Makovich said that New York City and the Southeast are tight power markets and will need more capacity through this downturn. He said the wind, solar, and alternative energy markets will grow because of government mandates requiring states to produce certain percentages of their power with green technologies. He added that construction of small power plants close to demand centers would be another growing segment of the utility market.

Murray and David Wyss, chief economist, Standard and Poors, New York, said the health of the overall construction market in 2002 will depend in large part on how quickly the nation comes out of the recession, its reaction to government economic stimulus packages, the Bush tax break, Federal Reserve rate cuts, the impact of the Sept. 11 attacks, and the war in Afghanistan.

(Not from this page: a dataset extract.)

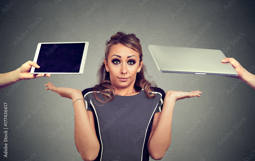 Perplexed young woman shrugging shoulders uncertain what to choose tablet or laptop computer

While Wyss believes the recession will be mild and will probably be over within the year, he expects it to be rough going for the next few months, with more layoffs and uncertainty stemming from the Sept. 11 events.

“Even before the recession, we were skating on thin ice, but we thought we were going to escape a recession. Now it’s more of a question of how long and how deep,” he said.

Wyss believes the United States will break out of the recession by the end of 2002, but he said for this to happen oil prices must remain stable, and consumer spending, which accounts for two-thirds of the economy, must continue.

Because of the terrorist attacks and war in Afghanistan, the oil issue is critical, he said.

“Oil is not an issue right now, but it could be because of a disruption at suppliers.”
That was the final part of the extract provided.